Task requirements:
For the material below, the expected output is exactly the lines between the line holding "Unternehmen reduzieren durch" and the line holding "Bir sonraki ekran, PC'nin", inclusive, with pictures left out.

Task inputs:
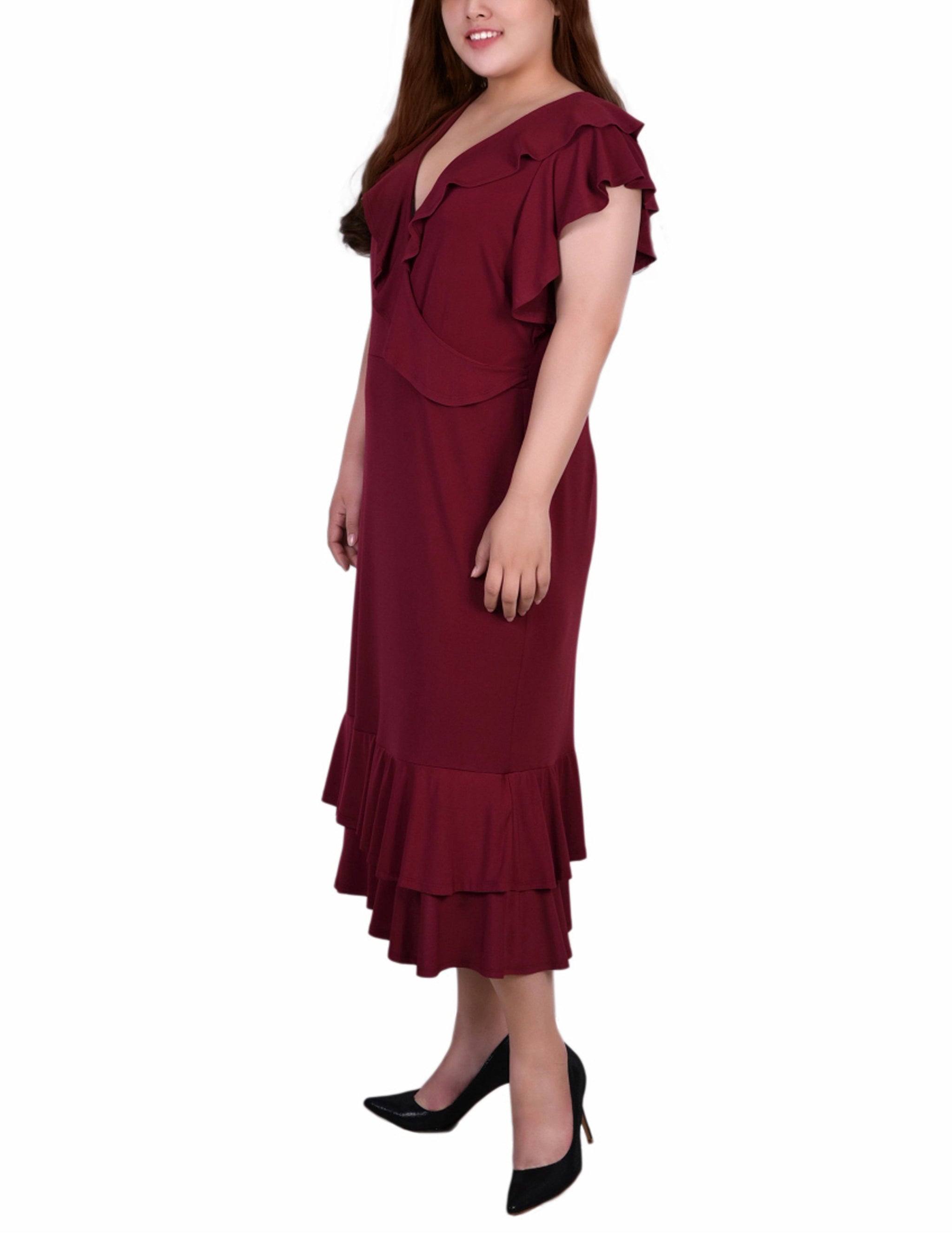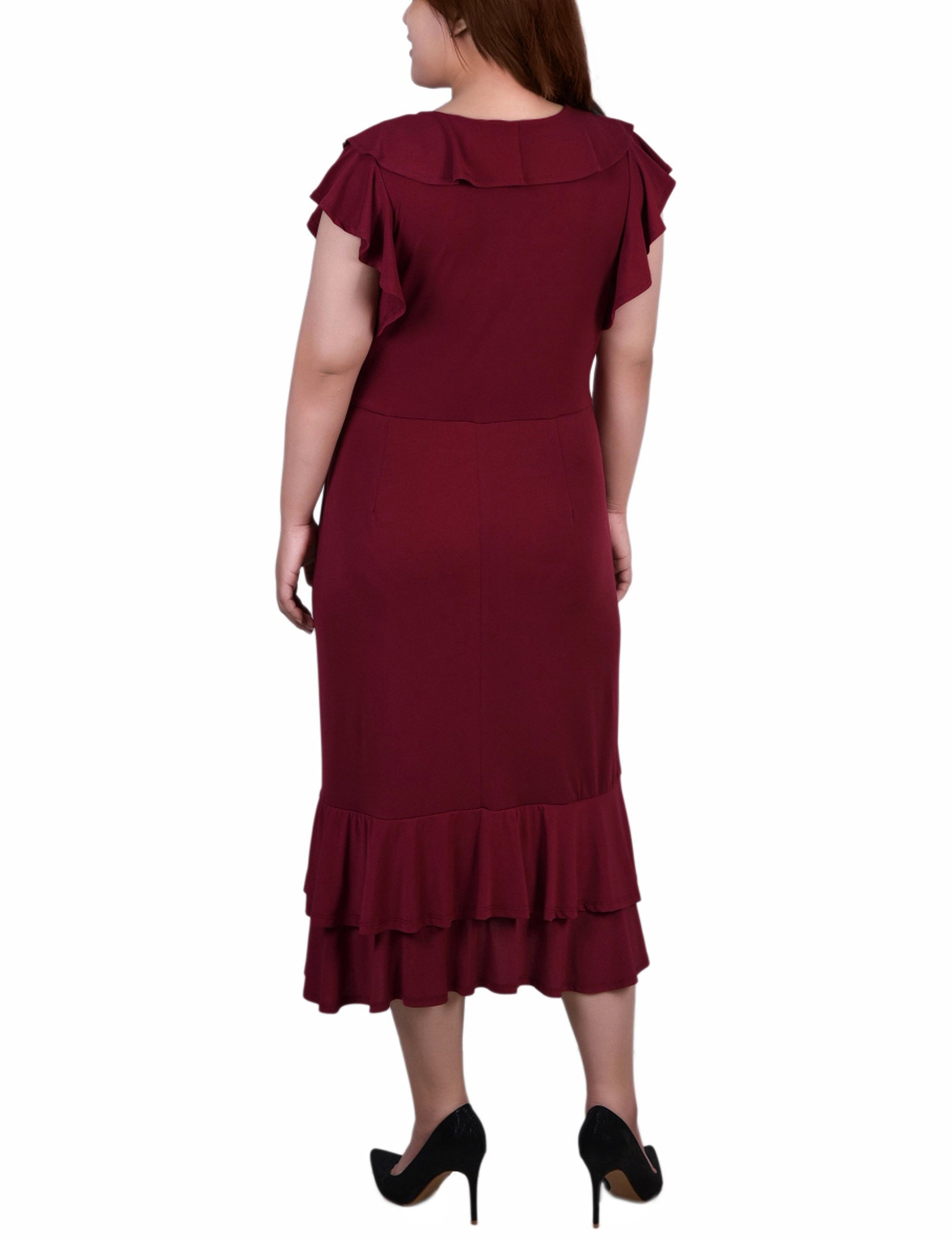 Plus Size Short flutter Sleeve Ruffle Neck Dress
* * *
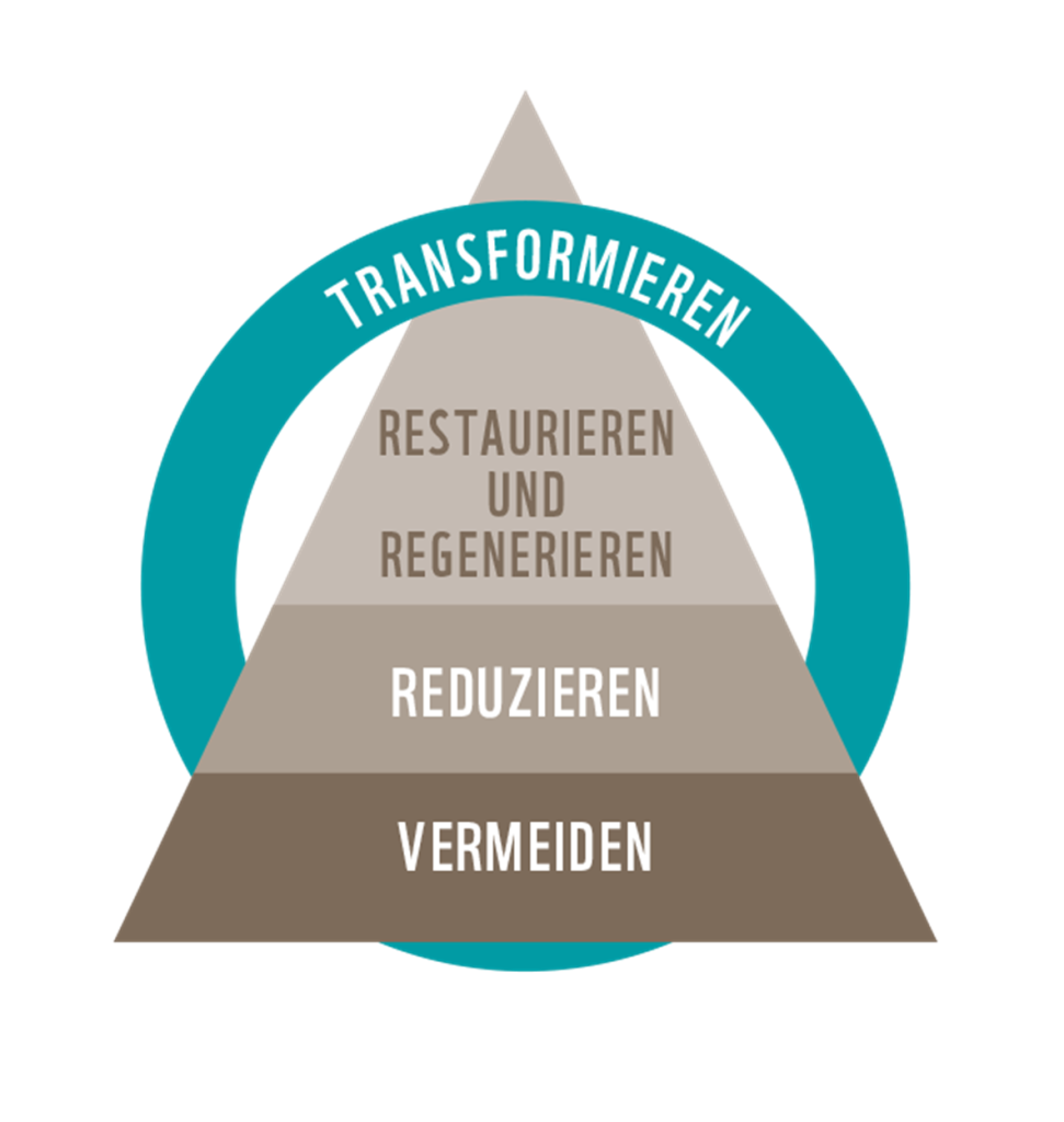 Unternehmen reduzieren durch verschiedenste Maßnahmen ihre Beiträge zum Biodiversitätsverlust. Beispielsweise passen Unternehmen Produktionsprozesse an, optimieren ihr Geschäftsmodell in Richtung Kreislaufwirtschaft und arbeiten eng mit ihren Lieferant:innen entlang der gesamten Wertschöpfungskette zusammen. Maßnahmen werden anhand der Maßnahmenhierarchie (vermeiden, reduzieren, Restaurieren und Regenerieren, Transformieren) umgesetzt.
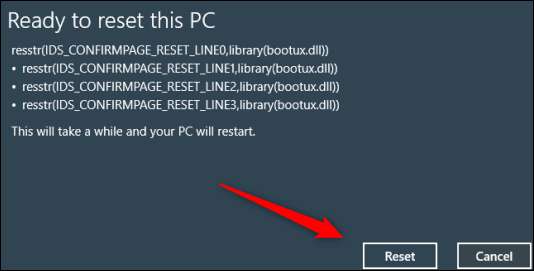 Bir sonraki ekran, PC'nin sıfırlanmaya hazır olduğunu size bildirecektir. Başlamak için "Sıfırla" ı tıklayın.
...
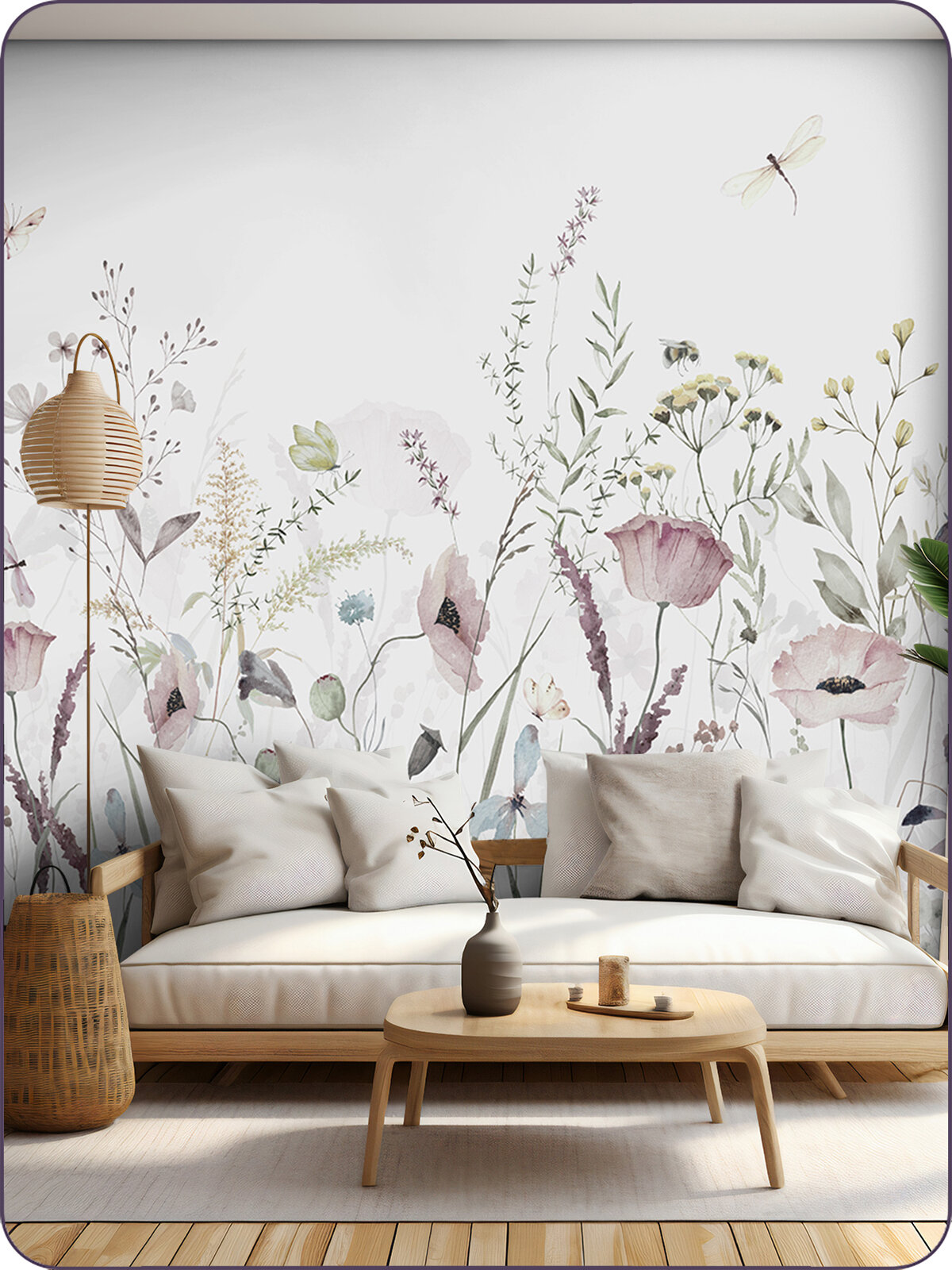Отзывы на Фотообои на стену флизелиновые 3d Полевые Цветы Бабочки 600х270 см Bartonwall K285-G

Result:
 Unternehmen reduzieren durch verschiedenste Maßnahmen ihre Beiträge zum Biodiversitätsverlust. Beispielsweise passen Unternehmen Produktionsprozesse an, optimieren ihr Geschäftsmodell in Richtung Kreislaufwirtschaft und arbeiten eng mit ihren Lieferant:innen entlang der gesamten Wertschöpfungskette zusammen. Maßnahmen werden anhand der Maßnahmenhierarchie (vermeiden, reduzieren, Restaurieren und Regenerieren, Transformieren) umgesetzt.
 Bir sonraki ekran, PC'nin sıfırlanmaya hazır olduğunu size bildirecektir. Başlamak için "Sıfırla" ı tıklayın.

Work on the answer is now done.